Meta's Llamacon is weakening Openai

Meta held its first AI developer conference Llamacon on Tuesday at its headquarters in Menlo Park, California. The company announced the launch of the consumer-facing Meta AI Chatbot app that will compete with Chatgpt, as well as a developer-facing API for accessing Llama models in the cloud.

Both distributions are designed to expand adoption of the company's open Llama AI model, but that goal may be a secondary to Meta's real motivation: defeating Openai. Meta's AI ambitions are sprawling and is fueling a thriving open AI ecosystem, pasting it into a "closed" AI provider like Openai, which lags its model behind the service.

Meta's AI Chatbot app almost feels like a preemptive move on the Openai rumored social network. It has a social feed where users can share their AI chats and provide personalized responses based on users’ meta-app activity.

As for the Llama API, this is a challenge for the OpenAI API business. The Llama API is designed to enable developers to build applications that connect to Llama models in the cloud using only one line of code. It eliminates the need to rely on third-party cloud providers to run Llama models and allows Meta to provide AI developers with more comprehensive tools.

Like many AI companies, Meta believes Openai is the highest competitor. In the case against META, court documents show that executives of the company previously defeated Openai's GPT-4, a former state-of-the-art model. Proprietary AI model providers like OpenAI have long been at the heart of Meta AI strategy.
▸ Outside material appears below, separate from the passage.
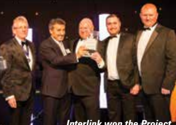
Interlink won the Project of the year Award

The NASC 2017 Scaffolding Project of the Year Award was won by Interlink Scaffolding for its work on the New Wear Crossing in Sunderland, where it installed multiple scaffolds on the central support tower prior to it being erected. There were 12 entries in all, with just three points separating the first three. In the view of the judges, Interlink's 'Interface with the client' was one of the key criteria in its success, they were also impressed by the degree of offsite preparation prior to erection of the bridge structure, complete with scaffolding.

In a July 2024 letter, FW CEO Mark Zuckerberg tried to compare Meta with a company like Openai and wrote: "Selling access to AI models is not a business model (Meta).

Several AI researchers who spoke with TechCrunch before Llamacon hope Meta will release competitive AI inference models, such as Openai's O3-Mini. The company did not end up doing so. But for Meta, it's not about winning AI competitions.

In a stage conversation with Databricks CEO Ali Ghodsi, Zuckerberg said he saw any AI labs that make their models publicly available, including DeepSeek and Alibaba's Qwen, as a fight with closed model providers.

"So the part of the value around open source is that you can mix and match. So if other models (like DeepSeek) are better - or if Qwen is good at some way, as a developer, you can get the best smart parts from different models and produce exactly what you need," Zuckerberg said. “It’s part of the quality of open source basically through all the closed source (model) … (i) feels like an unstoppable force.”

In addition to stopping the growth of Openai, Meta may also try to push its open model to meet regulators. The EU AI Act grants special privileges to companies that distribute “free and open source” AI systems. Meta often claims that its Llama models are "open source" despite whether they meet the necessary standards.

Regardless of the reason, Meta seems content to launch AI, thus enhancing the open model ecosystem and limiting the growth of OpenAI – sometimes at the expense of failing to provide cutting-edge models themselves.